I purchased some beef stew meat a few days ago. It looked great, was on sale and met my vision of a warm and hearty fall meal.
My original thought was to use my slow cooker. The only problem with that is that Youke is a counter surfer. Therefore, I can really only safely employ my slow cooker during a time when I’m home all day and able to supervise, er, guard. I am positive it is not in the best interest of my future grumbling stomach to trust Youke in the presence of tantalizing warm and spicy stew scents wafting through the kitchen all day.
I also knew I didn’t really want to make a traditional beef stew, heavy on the starchy gravy and laden with potatoes and carrots.
Thankfully, I didn’t need to spend time pouring over my small accumulation of cookbooks – sorry Betty Crocker – because these days we have The Internet.
I found a recipe – or as my mother liked to call it – a receipt – for Cuban Beef Stew.

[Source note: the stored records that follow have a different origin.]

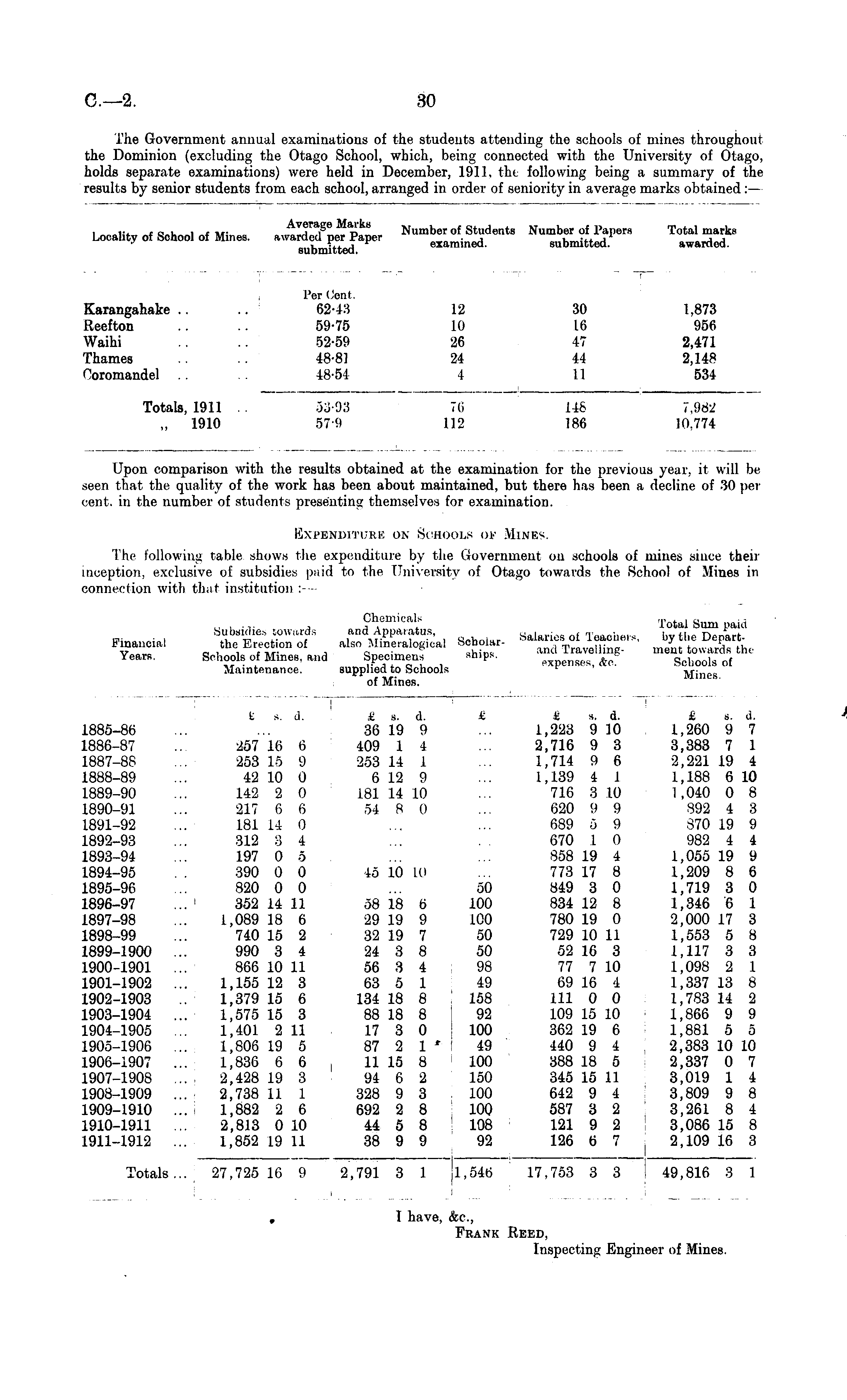 Upon comparison with the results obtained at the examination for the previous year, it will be seen that the quality of the work has been about maintained, but there has been a decline of 30 per cent, in the number of students presenting themselves for examination. Ex] - of Minks. Thr following table shows the expenditure by the Government on schools of mines since then , inception, exclusive of subsidies paid to the University of Otago towards the School of Mines in connection with that institution :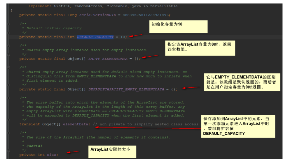 根据上⾯我们可以清晰的发现:ArrayList底层其实就是⼀个数组,ArrayList中有扩容这么⼀个概念, 正因为它扩容,所以它能够实现“动态”增⻓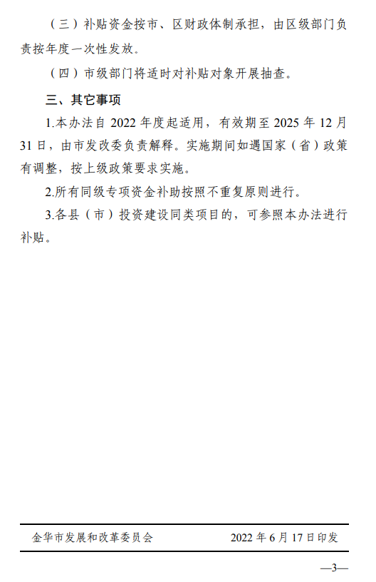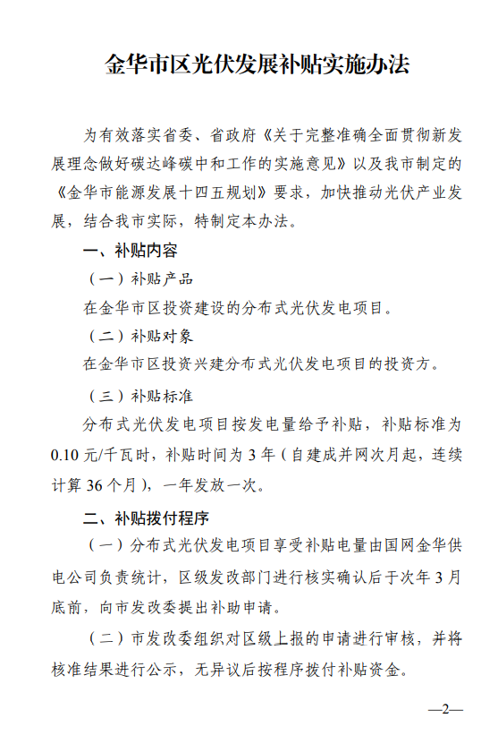 金華市發(fā)改委今日印發(fā)《金華市區(qū)光伏發(fā)展補貼實施辦法》,其中明確,對在金華市區(qū)投資興建分布式光伏發(fā)電項目的投資方,分布式光伏發(fā)電項目按發(fā)電量給予補貼,補貼標準為0.10元/千瓦時,補貼時間為3年(自建成并網(wǎng)次月起,連續(xù)計算36個月),一年發(fā)放一次。本辦法自2022年度起適用。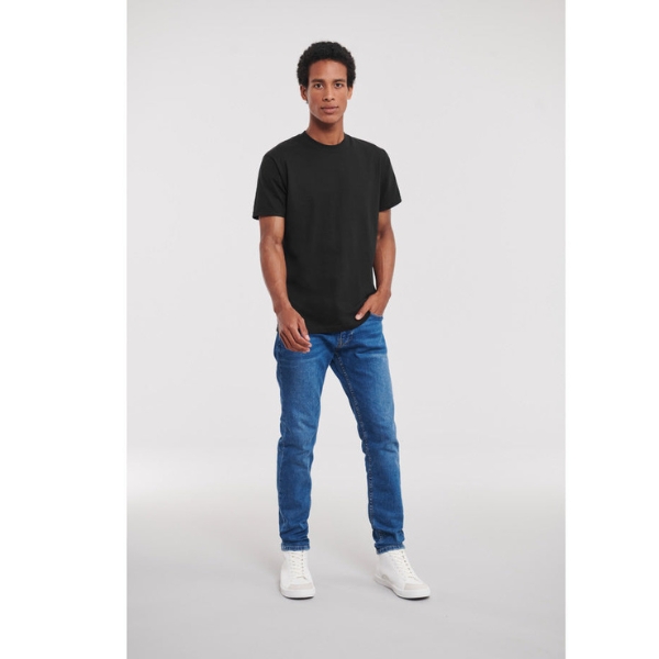 CLASSIC BLACK T-SHIRT BY RUSSELL ATHLETIC. 100% Ringspun Cotton *Light Oxford 93% Cotton, 7% Viscose. 180 g/m². Laundry washes at or below 40°C.

Yum! This appealed to my taste-buds and love of spice.
Of course I did not look to see if I had all the ingredients on hand. Improvisation is the mother of invention, is it not?
The first substitution was the sherry. Despite a Thanksgiving many years ago that had a very heavy sherry theme, I apparently used it all. Cognac seemed like a good substitution, so that’s what I used.
Let me also mention that I did inherit from my mother a rather intense dislike for measuring. The dogs started sneezing, so I might have been a bit liberal on the cognac.
I also discovered I had no garlic around. This clearly shows that it’s been a while since I last really cooked. No problem though, just was a little more liberal on the onions.
I am famously heavy-handed when it comes to spices. I view those measurements as mere suggestions. Therefore, I added about five times as much cumin as the recipe I found suggested.
Next, I found that I did not have any pimento-stuffed green olives around. No problem, I found I inexplicably had a jar of pimentos. So sans green olives, I added them.
Now, read on at your own risk, as it gets dicey from here.
Turns out the jar of pimentos had an expiration date of 2013 on them. Saw that after I added them in to the stew. No worries, I thought. They smelled fine and the jar had been a bitch to open. They were fine.
The recipe also called for a can of tomato sauce. No problem, that’s a staple and I knew I had some. Except that I couldn’t find any cans of tomato sauce. I found jars of prepared spaghetti sauce and cans of diced tomatoes, but no plain old tomato sauce. This puzzled me as I clearly recalled seeing some recently.
After some digging around in the pantry, I finally found a can of tomato sauce. However, the can looked very sketchy. Quite rusted and the label was very faded. I threw it out and dug a bit further. I found another can of tomato sauce. It too looked old, but the can wasn’t as rusty and the label seemed in better repair. I rinsed the dust off of the can and opened it.
It passed the sniff test.
I threw it into the stew.
As I was about to recycle the can, I looked curiously at the top for the expiration date.
First, let me explain that of course I knew it was past its so-called expiration date. But I also know full well that those are just helpful suggestions.
From The Internet:
Most expiration dates on foods in cans range from 1 to 4 years—but keep the food in a cool, dark place and the cans undented and in good condition, and you can likely safely double that shelf life from 3 to up to 6 years.
Turns out that particular can of tomato sauce was supposed to be “best used by XXXX 2009.” The XXXX part denotes the date in 2009 that was illegible.
Hey, it was just a suggestion, right?
I let Camm and Brady lick the spoon and they seem alright.
My stew is still simmering and for the best flavor it needs to sit a day or so. I guess you’ll know if things didn’t go well if I don’t post any updates for a while. Or ever.